What is printed must match, line for line, the records from their first line through the line containing "работы | охлаждение/обогрев/вентиляция |", with pictures left out.

- [Dataset items]:
Content starts

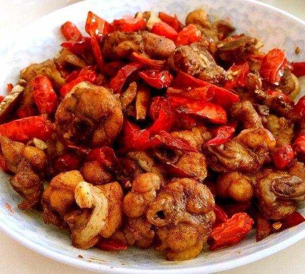 辣子鸡:鸡腿洗干净剁块,用盐、料酒、生粉腌制半小时。最好加入黑胡椒碎腌制,味道会更好哟,油烧热,大火炸鸡块至金黄,捞出沥干,热锅冷油,小火煸香蒜瓣和姜丝,煸香后,加入花椒和辣椒翻炒出味,倒入炸好的鸡块继续翻炒,翻炒入味之后,就可以出锅了,出锅前加上葱段,撒上芝麻粒即可,一盘美味的辣子鸡就这么大功告成了。
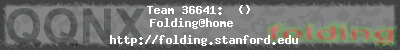 As most people already know, Quaque Nox (QQNX) runs a Folding @ Home team (Number 36641) that is ranked quite well. We are always looking to show our score and encourage others to join us, so we developed F@H Image, a simple script that generates a PNG based on what team number and username is provided. It was originally developed by gnx of Hashed.org and was expanded on by quad341 of quad341.com. The end result is a very versitile and easy to use script. It defaults to gnx on team 36641, but you can have it access anyone by making a like like http://quad341.com/folding?user=Quad341&team=36641 where you substitute your username in for Quad341 and your team number in for 36641. It also tries to find a png (set up for 400 x 50) of the teamnumber in that directory to use for the background or uses folding.png by default. Great in sigs for forums! If you would like to use the one hosted on quad341.com but would like your own team’s background, email me at quad341 at gmail dot com (making an email out of that) with the image attached (400*50) and your team number mentioned in the message and i would be happy to host it for you OR you can download the script and host it yourself. Released under the Creative Commons Attribution-NonCommercial-ShareAlike Liscense
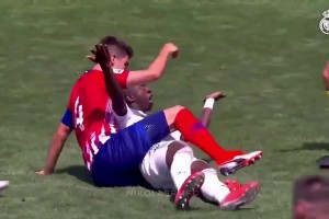 下一篇: 于帕梅卡诺趴在维尼修斯身上时咧嘴大笑,下方的维尼修斯吓坏了
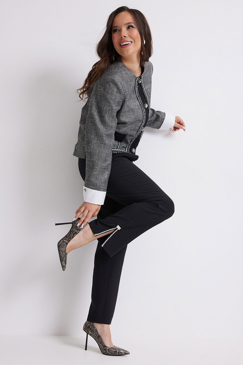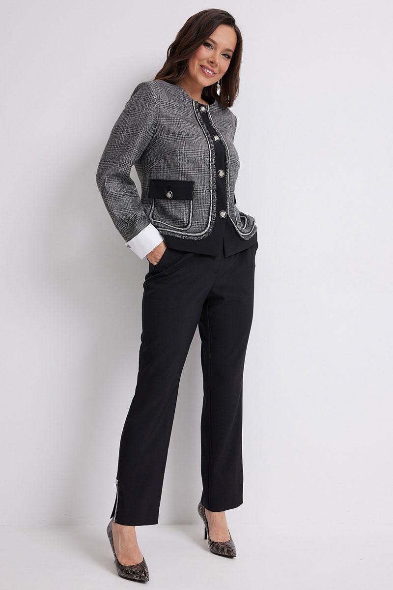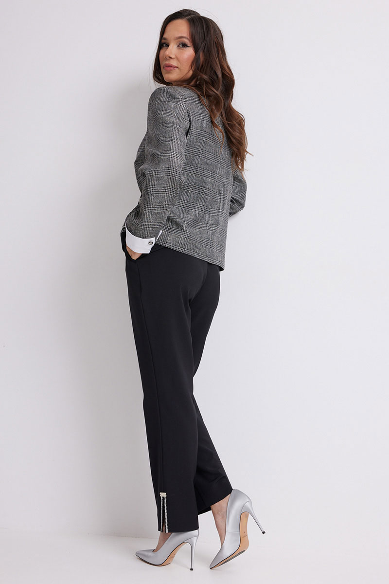 Жакет прямого кроя, на подкладке, с центральной застежкой на красивые пришивные пуговицы. Рукав втачной, дополнен съемными белыми манжетами. Выполнен жакет из красивой костюмной ткани. Брюки прямого кроя с притачным поясом, дополненным эластичной тесьмой. Посадка средняя. Застежка гульфик на молнию и пуговицу.
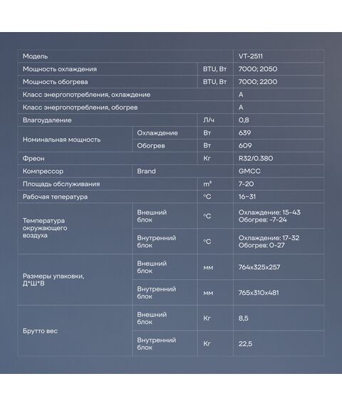 | Режимы работы | охлаждение/обогрев/вентиляция |
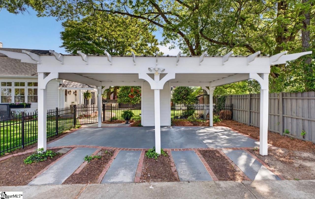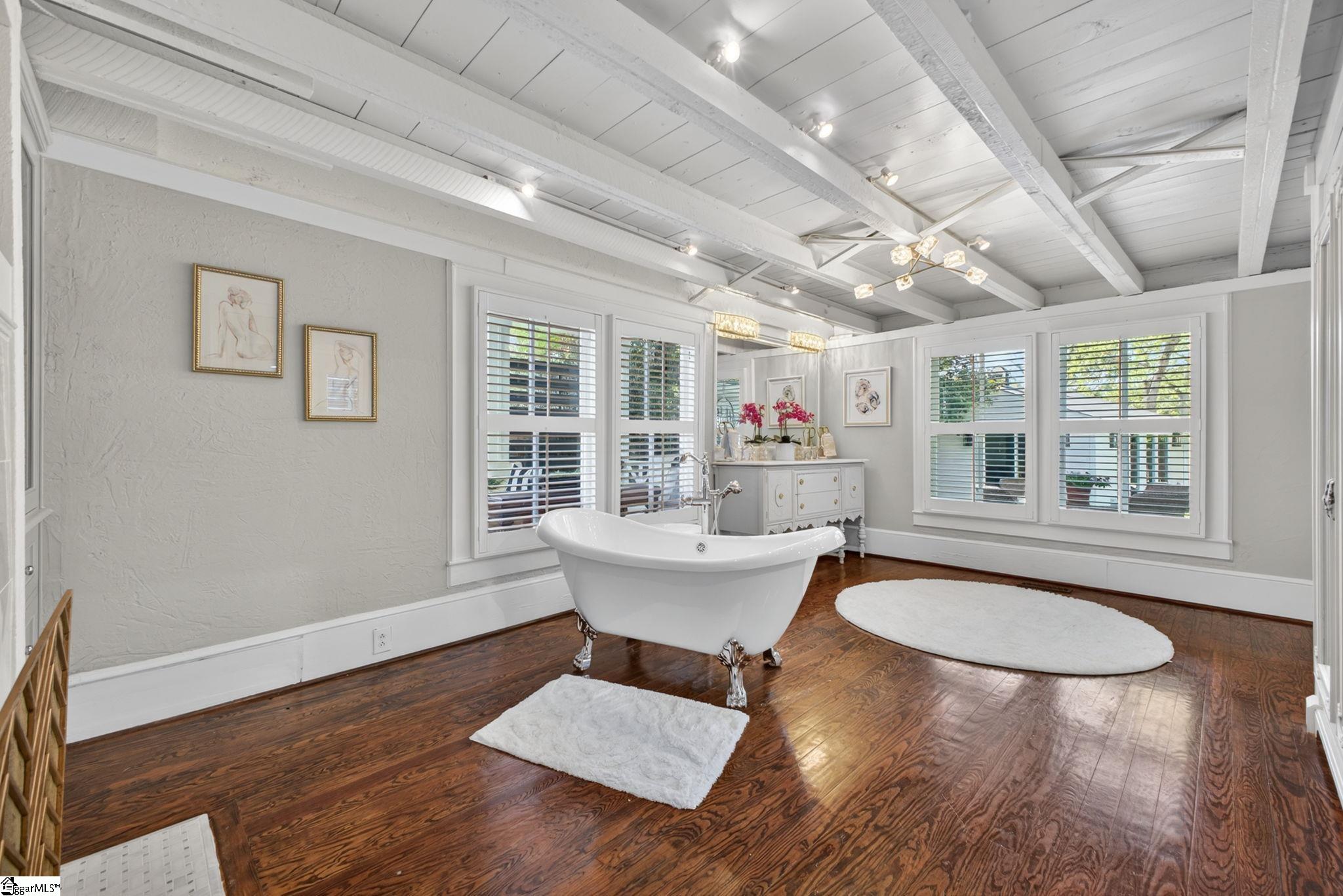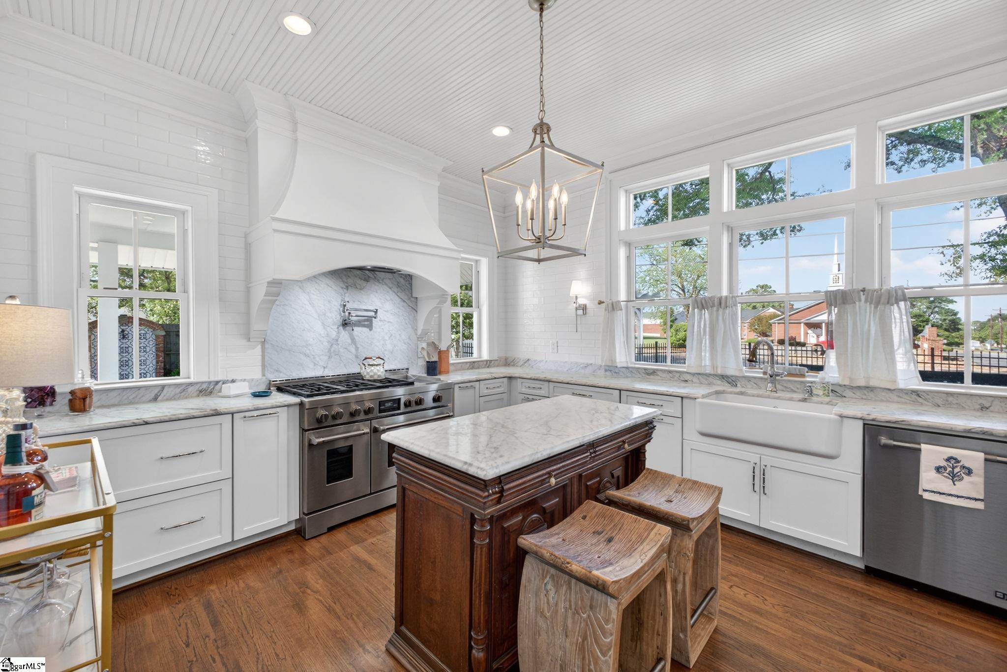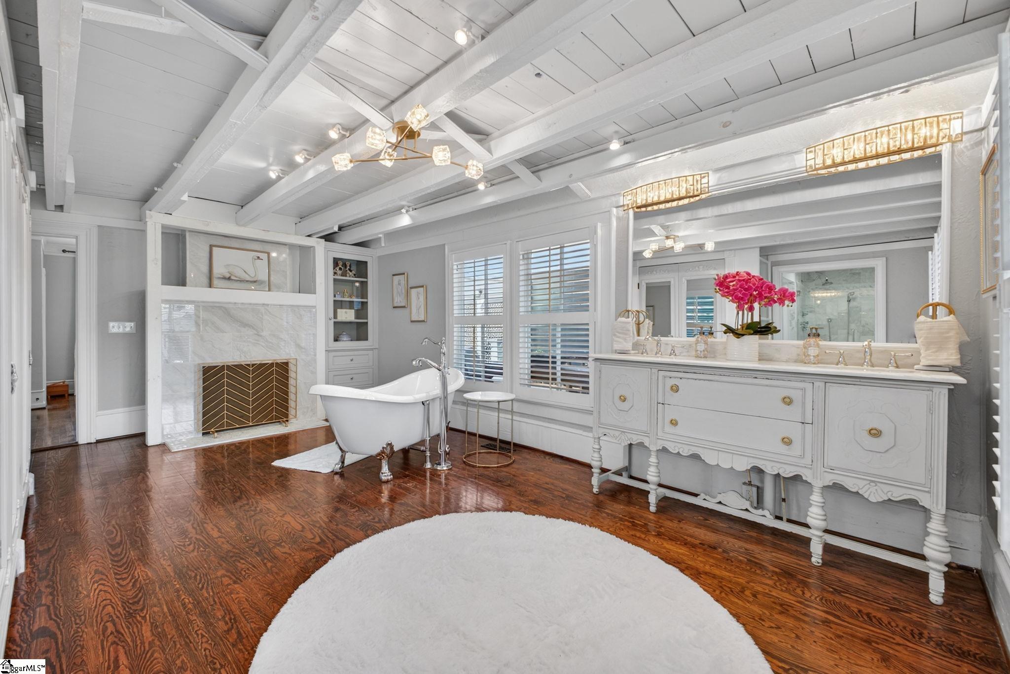 Refined downtown living in a timeless historic property right in the heart of Simpsonville. This exceptional residence offers an elevated lifestyle just steps from the energy, dining, and boutique shopping of vibrant Main Street. Come live your best Hallmark life in this incredible historic home that was lovingly built in 1885, making it the most historic house in downtown Simpsonville. The character and integrity have been carefully preserved throughout the decades of dedicated maintenance and updates. This is truly a one- of a-kind home. The curb appeal of this stately southern beauty can only be outdone by the beauty you’ll find inside…. which will take your breath away. Elegant lighting, brilliant details, rich hardwood floors from the entry through the elegant formal living and dining spaces and into the kitchen, which is both functional and warm, blending historic character with modern convenience. A boutique style laundry area at the courtyard entry adds everyday practicality. A main-level primary suite offers privacy, complete with a beautifully appointed bathroom and overlooks a charming, covered patio. The second level features one bedroom and full bathroom at the top of the stairs plus two additional bedrooms that share a stunning full bathroom along with a finished storage closet. A loft area opens to a balcony with views of downtown. Step outside to discover a surprisingly private, fenced courtyard with storybook charm… surrounded by a lush lawn and sets a new bar for landscaping. An additional 400-square-foot detached structure, fully heated and cooled, provides endless possibilities for a guest suite, art studio, or home office. The outdoor kitchen is a true highlight, complete with built-in Traeger and Weber Grill. This unique residence is grandfathered in as residential use in the heart of downtown and you have the flexibility to convert to commercial or live/ work mixed use since its zoned “Business urban.” Historically known as the Greene- Lewis house, this property has some stories to tell. The house has played a key role in the history of downtown Simpsonville. The original telephone switchboard and the original water tower were once on this property. It’s modernized in every way with electrical, plumbing, crawlspace, HVAC, tankless water heater and more! The owners have added a finished storage closet as well as an abundance of floored attic storage. A two-car covered carport has an attached garden shed and you can find plenty of guest parking on the street or in the free parking lot across the street as well. It’s an easy walk or golf cart ride to College Park and Gracely Park which feature brand new pickle ball courts for your enjoyment. Simpsonville Parks & Recreation has so much to offer for all ages. There are so many activities within walking distance including youth sports, movies in the park, holiday events, and festivals, The Simpsonville Senior Center is within walking distance and features a lounge, pool tables, exercise equipment, line dancing, Tai chi, bingo and more. Downtown living +Historic charm + Unbeatable walkability.

Content ends

- [Answer below]:
 辣子鸡:鸡腿洗干净剁块,用盐、料酒、生粉腌制半小时。最好加入黑胡椒碎腌制,味道会更好哟,油烧热,大火炸鸡块至金黄,捞出沥干,热锅冷油,小火煸香蒜瓣和姜丝,煸香后,加入花椒和辣椒翻炒出味,倒入炸好的鸡块继续翻炒,翻炒入味之后,就可以出锅了,出锅前加上葱段,撒上芝麻粒即可,一盘美味的辣子鸡就这么大功告成了。
 As most people already know, Quaque Nox (QQNX) runs a Folding @ Home team (Number 36641) that is ranked quite well. We are always looking to show our score and encourage others to join us, so we developed F@H Image, a simple script that generates a PNG based on what team number and username is provided. It was originally developed by gnx of Hashed.org and was expanded on by quad341 of quad341.com. The end result is a very versitile and easy to use script. It defaults to gnx on team 36641, but you can have it access anyone by making a like like http://quad341.com/folding?user=Quad341&team=36641 where you substitute your username in for Quad341 and your team number in for 36641. It also tries to find a png (set up for 400 x 50) of the teamnumber in that directory to use for the background or uses folding.png by default. Great in sigs for forums! If you would like to use the one hosted on quad341.com but would like your own team’s background, email me at quad341 at gmail dot com (making an email out of that) with the image attached (400*50) and your team number mentioned in the message and i would be happy to host it for you OR you can download the script and host it yourself. Released under the Creative Commons Attribution-NonCommercial-ShareAlike Liscense
 下一篇: 于帕梅卡诺趴在维尼修斯身上时咧嘴大笑,下方的维尼修斯吓坏了
 Жакет прямого кроя, на подкладке, с центральной застежкой на красивые пришивные пуговицы. Рукав втачной, дополнен съемными белыми манжетами. Выполнен жакет из красивой костюмной ткани. Брюки прямого кроя с притачным поясом, дополненным эластичной тесьмой. Посадка средняя. Застежка гульфик на молнию и пуговицу.
 | Режимы работы | охлаждение/обогрев/вентиляция |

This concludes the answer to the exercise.